■ **Problem statement**
Here is the task for the listing below: output exactly the lines from the one containing "First: Evans examines" through the one containing "The development and", and leave out the pictures.

■ **Supplied material**
Content starts

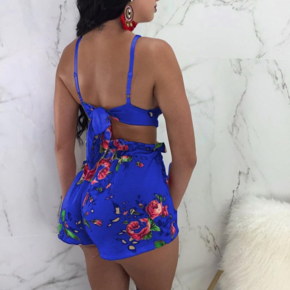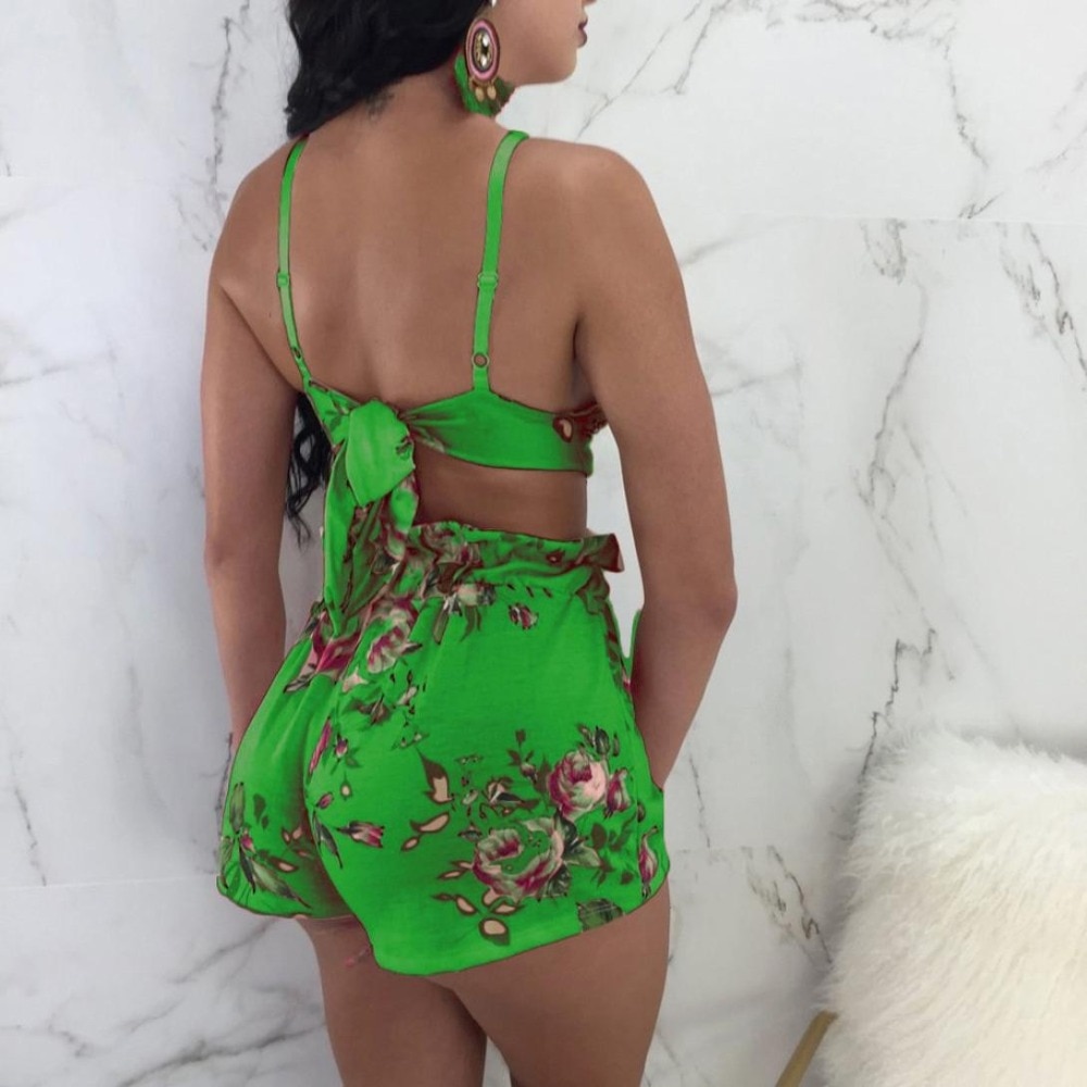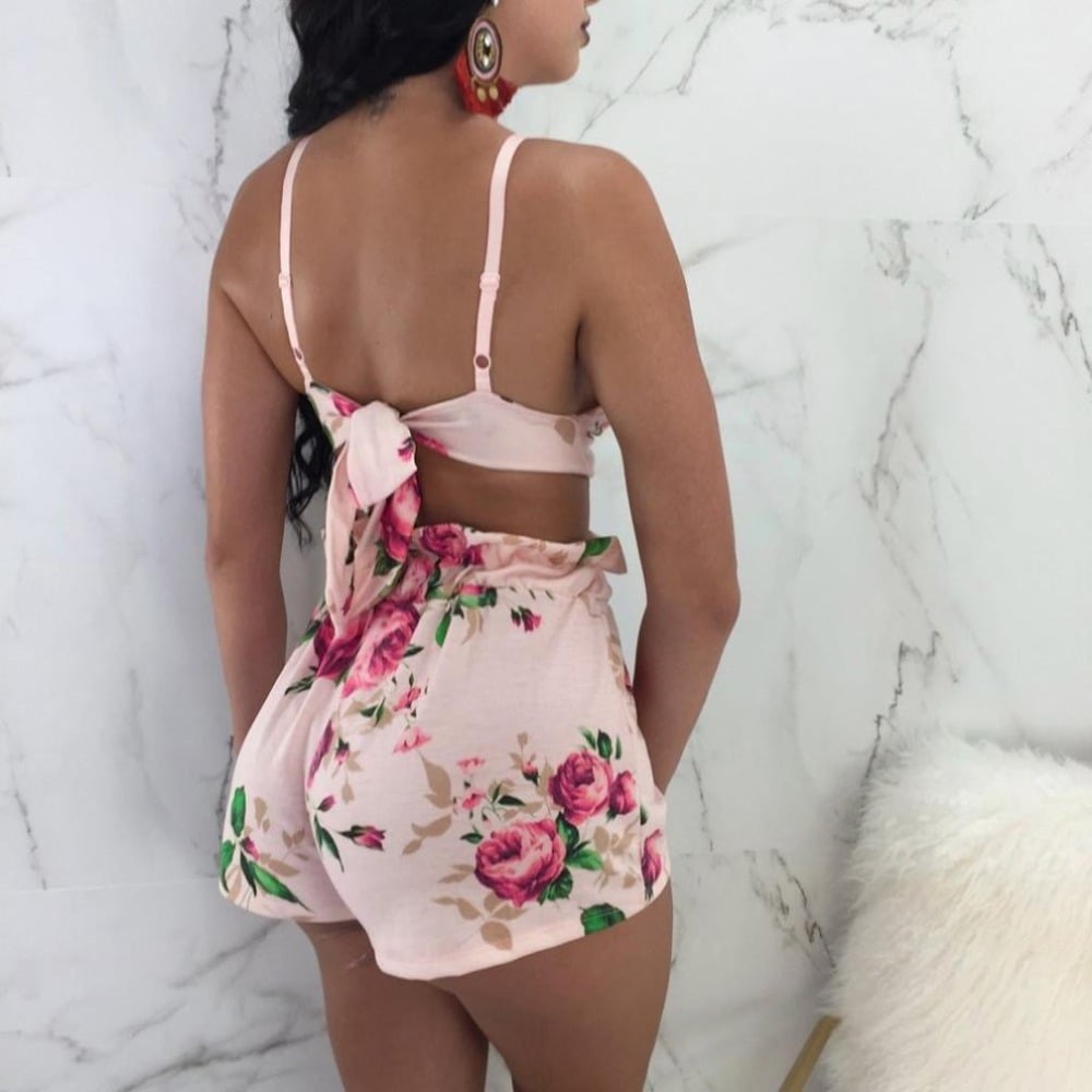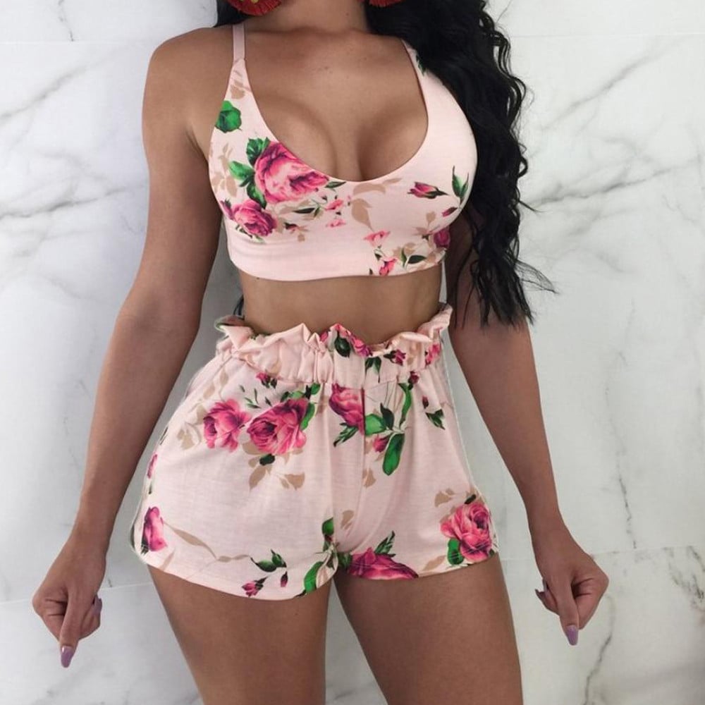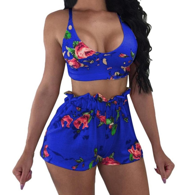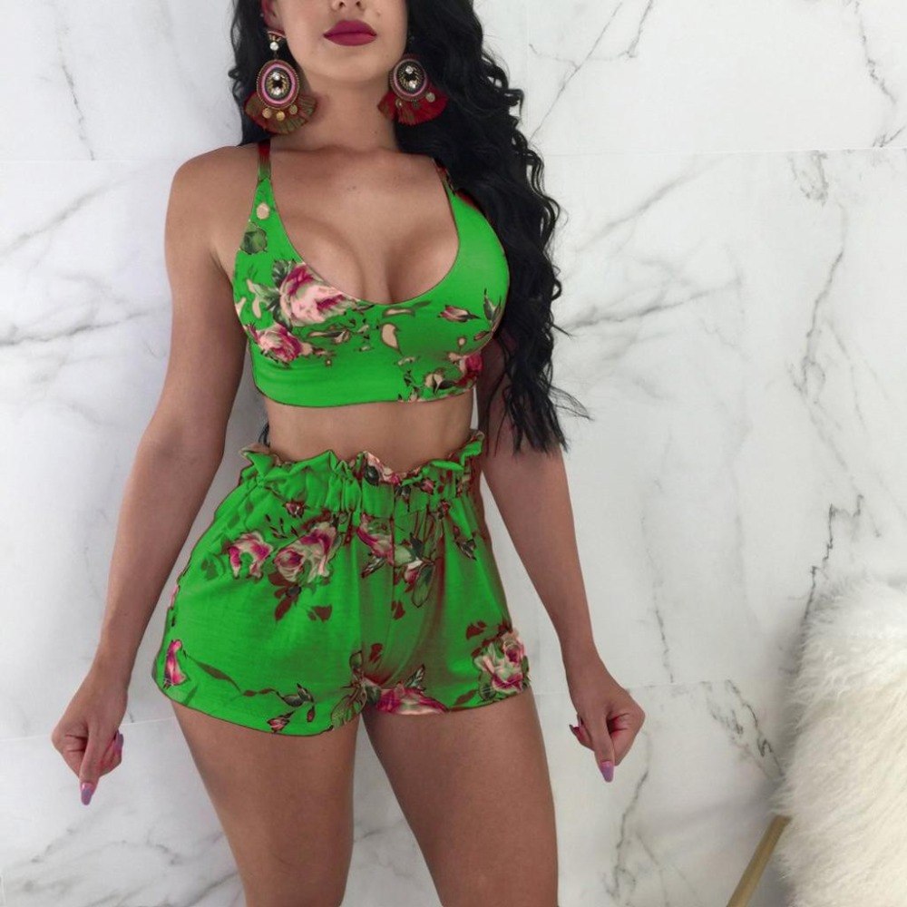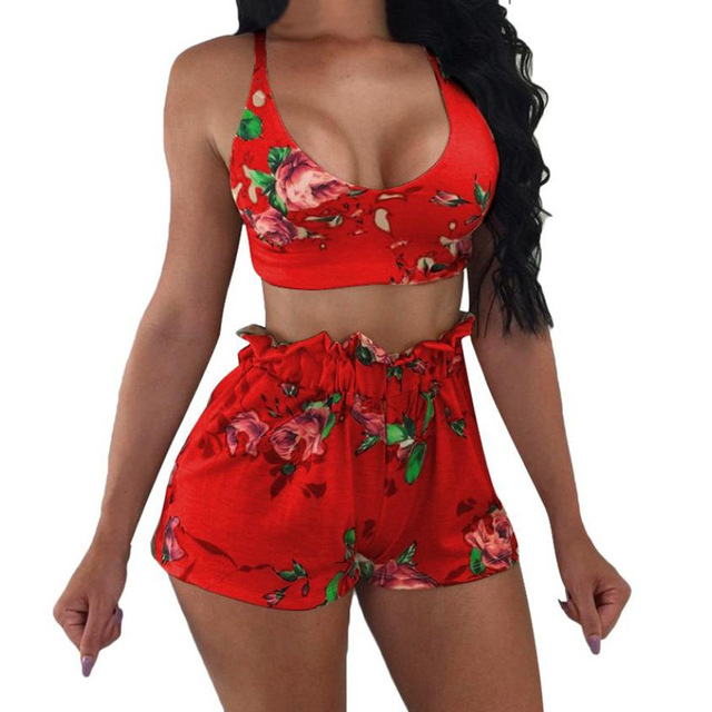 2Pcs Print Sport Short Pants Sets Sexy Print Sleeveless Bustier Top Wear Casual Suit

Content ends
Content starts

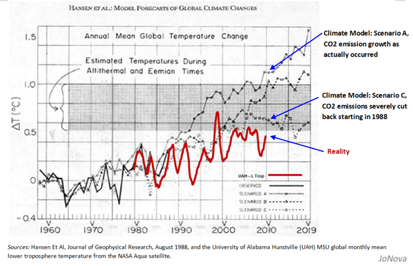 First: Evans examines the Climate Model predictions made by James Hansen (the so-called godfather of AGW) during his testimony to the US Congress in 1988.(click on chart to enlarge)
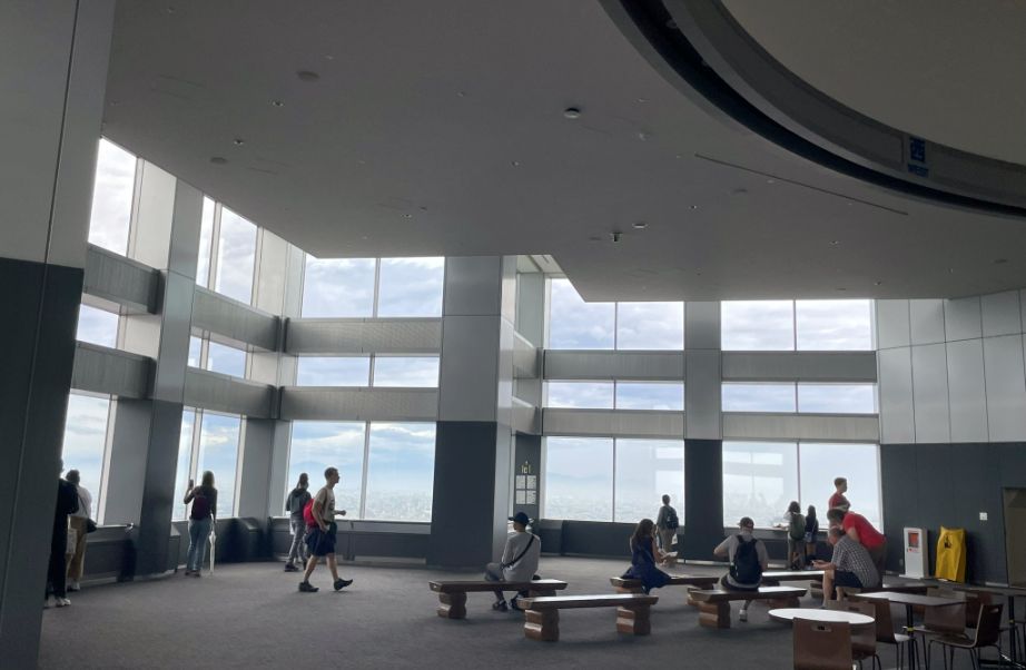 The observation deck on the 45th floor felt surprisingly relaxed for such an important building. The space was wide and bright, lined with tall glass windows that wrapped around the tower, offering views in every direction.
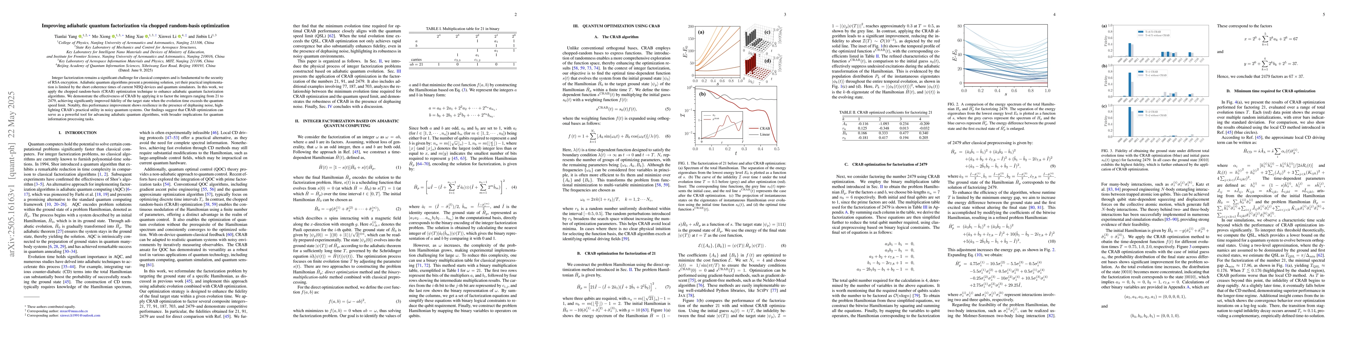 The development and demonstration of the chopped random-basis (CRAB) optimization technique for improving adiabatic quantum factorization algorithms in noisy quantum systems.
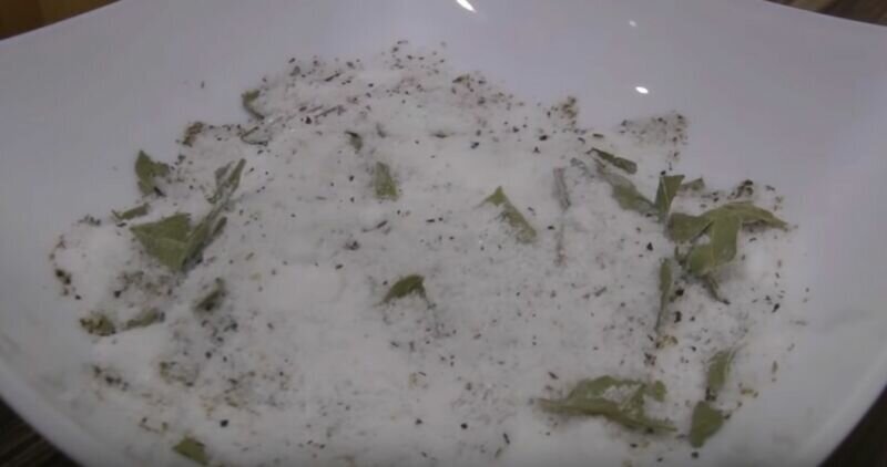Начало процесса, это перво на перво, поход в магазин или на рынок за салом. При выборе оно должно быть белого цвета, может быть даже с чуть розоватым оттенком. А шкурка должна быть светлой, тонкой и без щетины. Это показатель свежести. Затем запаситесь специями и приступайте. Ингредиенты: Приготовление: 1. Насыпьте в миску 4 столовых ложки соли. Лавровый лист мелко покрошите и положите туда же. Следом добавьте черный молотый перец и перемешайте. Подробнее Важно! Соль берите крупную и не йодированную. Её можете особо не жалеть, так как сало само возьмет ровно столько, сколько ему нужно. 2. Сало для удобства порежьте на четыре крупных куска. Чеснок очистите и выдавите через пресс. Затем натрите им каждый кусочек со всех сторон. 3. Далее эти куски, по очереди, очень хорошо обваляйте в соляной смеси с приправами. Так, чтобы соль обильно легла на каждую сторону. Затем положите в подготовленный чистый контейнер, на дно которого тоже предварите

Content ends
Content starts

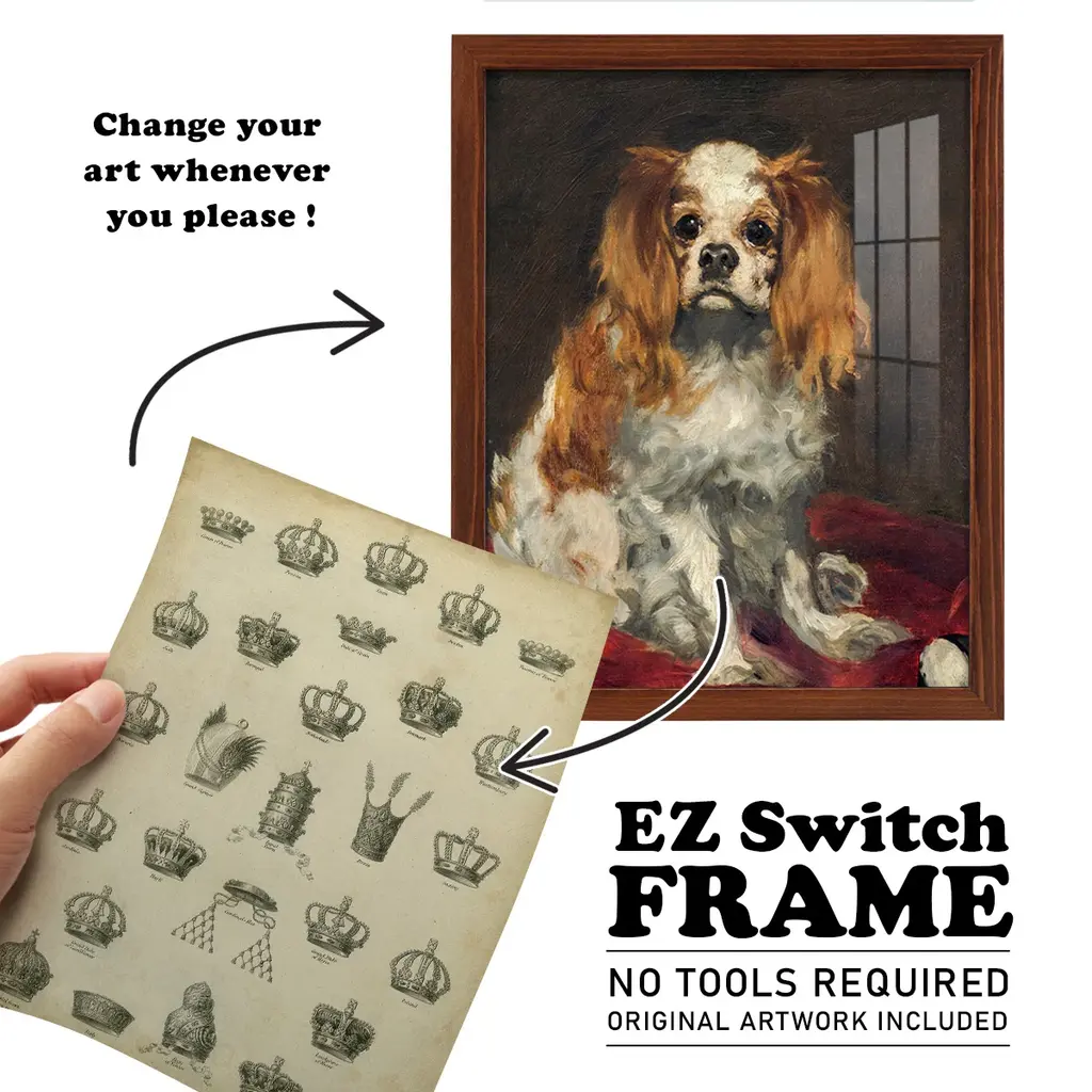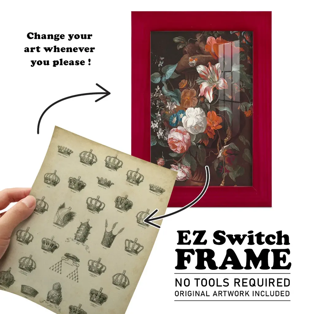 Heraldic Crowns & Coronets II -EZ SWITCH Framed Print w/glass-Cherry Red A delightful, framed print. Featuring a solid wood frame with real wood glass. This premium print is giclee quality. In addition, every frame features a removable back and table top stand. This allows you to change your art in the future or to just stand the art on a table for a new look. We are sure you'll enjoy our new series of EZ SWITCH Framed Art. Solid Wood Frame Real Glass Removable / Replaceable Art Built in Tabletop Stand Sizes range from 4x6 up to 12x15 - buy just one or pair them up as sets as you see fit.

Content ends

■ **Response area**
 First: Evans examines the Climate Model predictions made by James Hansen (the so-called godfather of AGW) during his testimony to the US Congress in 1988.(click on chart to enlarge)
 The observation deck on the 45th floor felt surprisingly relaxed for such an important building. The space was wide and bright, lined with tall glass windows that wrapped around the tower, offering views in every direction.
 The development and demonstration of the chopped random-basis (CRAB) optimization technique for improving adiabatic quantum factorization algorithms in noisy quantum systems.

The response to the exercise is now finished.